Author Topic: Parallel threads test piece.  (Read 1275 times)

hutch--

  • Administrator
  • Member
  • ******
  • Posts: 4873
  • Mnemonic Driven API Grinder
    • The MASM32 SDK
Parallel threads test piece.
« on: September 08, 2016, 01:21:07 AM »
I have done a test piece to start 8 threads running as close as possible at the same time. Each thread runs an arbitrary 1 billion iterations of a loop to provide the appropriate delay while the caller polls a loop to check on the 8 threads terminating.
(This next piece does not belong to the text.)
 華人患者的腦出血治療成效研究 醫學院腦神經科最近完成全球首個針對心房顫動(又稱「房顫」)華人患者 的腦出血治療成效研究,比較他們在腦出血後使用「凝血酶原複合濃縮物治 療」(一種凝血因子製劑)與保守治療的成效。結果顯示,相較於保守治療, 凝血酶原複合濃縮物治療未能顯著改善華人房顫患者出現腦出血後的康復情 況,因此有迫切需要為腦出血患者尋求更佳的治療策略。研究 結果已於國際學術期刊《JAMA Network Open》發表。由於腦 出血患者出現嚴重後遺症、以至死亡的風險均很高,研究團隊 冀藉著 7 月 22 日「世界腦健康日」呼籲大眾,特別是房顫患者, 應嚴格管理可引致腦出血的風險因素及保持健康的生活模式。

The thread count will better suits a quad core processor but the general idea is to perform parallel processing of whatever task the author has in mind to get the speed up. The threads start and a spinlock waits until the thread had copied its arguments to local variables before using a call to CloseHandle(). The threads run to completion then signal back to the caller that they have finished.
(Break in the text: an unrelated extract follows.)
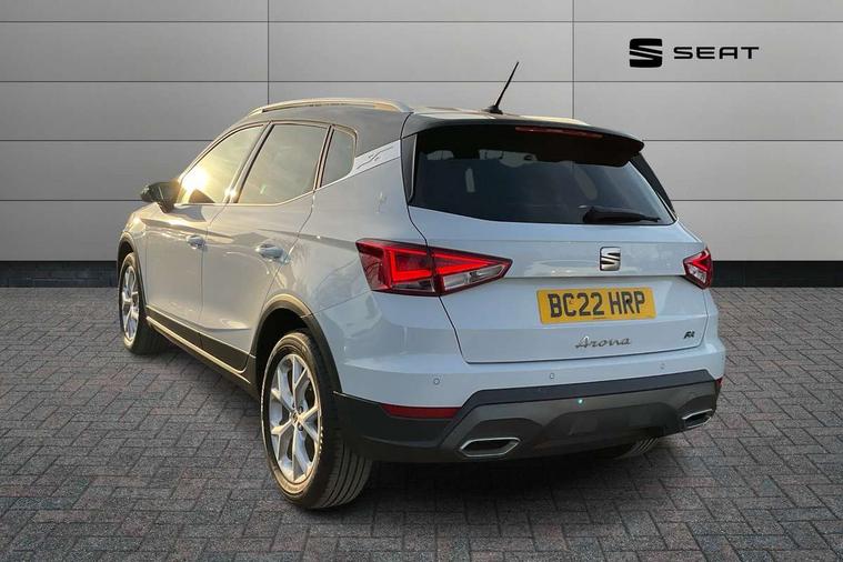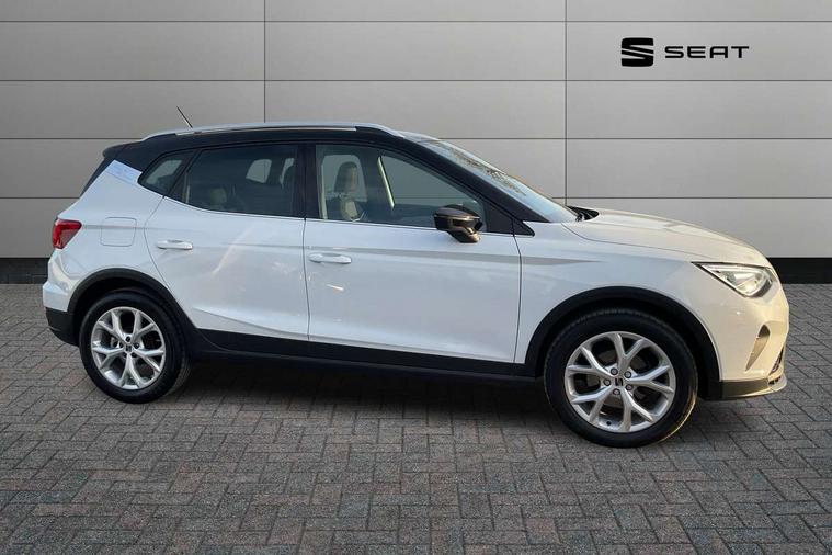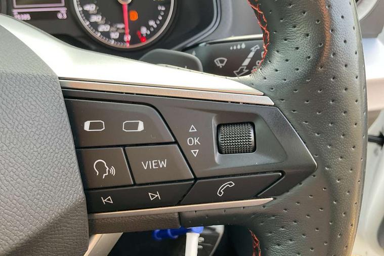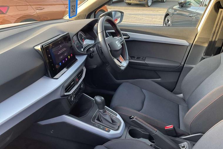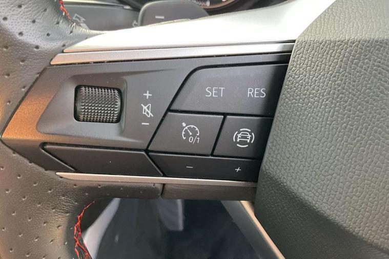 'Lights On' Reminder warning buzzer, Digital clock, E-call, Electric speed sensitive power steering, Full Link Smartphone Integration with Mirror Link, Apple Car Play, Google Android Auto with USB Type C cable for Apple and Android compatibility, Lane keeping system, Low fuel warning light, Outside temperature display, Rear parking sensor, RPM counter, Seat connect with safety, service, remote and online, SEAT Drive profile - Four different models normal-sport-eco-individual, steering response, throttle response and gear shifts mode, Trip computer, Bluetooth interface for hands free and audio streaming, DAB digital radio and AM/FM radio, Steering wheel mounted audio controls, Anti theft roof antenna, Auto dimming interior rear view mirror, Automatic activation of hazard warning lights, Body coloured bumpers, Body coloured door handle inserts, Chrome roof rails and window surrounds, Chrome window trim, Dark tinted rear windows, Electric front/rear windows, Electrically adjustable, heated and folding door mirrors, FULL LED automatic headlights with dynamic headlight range control, coming and leaving home, LED daytime running lights, LED rear tail lights and licence plate lights, Protective side mouldings, Rain sensing wipers, Rear side wing doors, Rear spoiler, Rear window wash/wipe, Roof colour door mirrors, Third brake light, Twin exhaust pipe styling hidden exhaust pipe, Visible VIN plate, Windshield wiper with intermittent control and potentiometer, 2 cupholders, 3 seat bench in 2nd row, 60/40 split folding rear seat, Aircare filter, Black interior roof, Cloth upholstery, Daring red Illuminated coloured air vent, Double boot floor, Driver sunvisor with covered mirror + card holder, Dual zone climate control, Front courtesy light with 2x front and 2x rear reading lights, Front sport seats, Gear shift indicator, Height adjustable front seats, Height/reach adjustable steering column, Illuminated boot, Instrument lighting with brightness control, Interior ambient lighting, Interior light in footwell, central console and door panel, ISOFIX points in outer rear seats with top tether anchorage points, Passenger sunvisor with vanity mirror, Perforated flat bottomed leather steering wheel/gear knob/handbrake with red stitching and FR logo, Single front passenger seat, Steering wheel mounted gearshift paddles, Two front and three rear height adjustable headrests, Connectivity pack plus - Arona, Interior chrome pack - Arona, 3 point seatbelts on all rear seats, ABS, Active front headrests, Child locks on rear doors, Driver and front passenger airbags with front passenger airbag de activation, front side and curtain airbags, Electronic stability control, Emergency Brake Assist (EBA) and front assist, Front and rear seatbelt reminder, Hill hold control, Multi-Collision braking, Tiredness recognition system, Traction control, Tyre pressure monitoring system, Alarm with back-up horn, Electronic engine immobiliser, Locking wheel bolts, Remote central locking + deadlocks, Tow away protection, Titan black dashboard, 17" Dynamic alloy wheels,

; ¤¤¤¤¤¤¤¤¤¤¤¤¤¤¤¤¤¤¤¤¤¤¤¤¤¤¤¤¤¤¤¤¤¤¤¤¤¤¤¤¤¤¤¤¤¤¤¤¤¤¤¤¤¤¤¤¤¤¤¤¤¤¤¤¤¤¤¤¤¤¤¤¤

    include \masm32\include64\masm64rt.inc

    .code

; ¤¤¤¤¤¤¤¤¤¤¤¤¤¤¤¤¤¤¤¤¤¤¤¤¤¤¤¤¤¤¤¤¤¤¤¤¤¤¤¤¤¤¤¤¤¤¤¤¤¤¤¤¤¤¤¤¤¤¤¤¤¤¤¤¤¤¤¤¤¤¤¤¤

entry_point proc

    LOCAL rvar :QWORD           ; thread return value
    LOCAL pvar :QWORD           ; its pointer

    mov pvar, ptr$(rvar)        ; load address into pointer
    mov rvar, 0                 ; set rval to 0

    fn callthread,0,1,pvar
    fn callthread,0,2,pvar
    fn callthread,0,3,pvar
    fn callthread,0,4,pvar
    fn callthread,0,5,pvar
    fn callthread,0,6,pvar
    fn callthread,0,7,pvar
    fn callthread,0,8,pvar

  ; --------------------------------------
  ; wait until all threads have terminated
  ; --------------------------------------
  @@:
    pause
    cmp rvar, 8
    jne @B

    conout lf,"--------------------------",lf, \
              "thread finished count = ",str$(rvar),lf, \
              "--------------------------",lf,lf
    waitkey

    invoke ExitProcess,0

    ret

entry_point endp

; ¤¤¤¤¤¤¤¤¤¤¤¤¤¤¤¤¤¤¤¤¤¤¤¤¤¤¤¤¤¤¤¤¤¤¤¤¤¤¤¤¤¤¤¤¤¤¤¤¤¤¤¤¤¤¤¤¤¤¤¤¤¤¤¤¤¤¤¤¤¤¤¤¤

callthread proc a1:QWORD,a2:QWORD,a3:QWORD

    LOCAL arr[8]   :QWORD
    LOCAL hThread  :QWORD
    LOCAL hProcess :QWORD

    mov hProcess, rv(GetCurrentProcess)

    invoke SetPriorityClass,hProcess,HIGH_PRIORITY_CLASS

    lea r10, arr                    ; load the array address
    mov QWORD PTR [r10],    0       ; first member is the flag to be tested set to zero
    mrm QWORD PTR [r10+8],  a1
    mrm QWORD PTR [r10+16], a2
    mrm QWORD PTR [r10+24], a3

    mov hThread, rv(CreateThread,0,0,ADDR threadproc,ADDR arr,0,0)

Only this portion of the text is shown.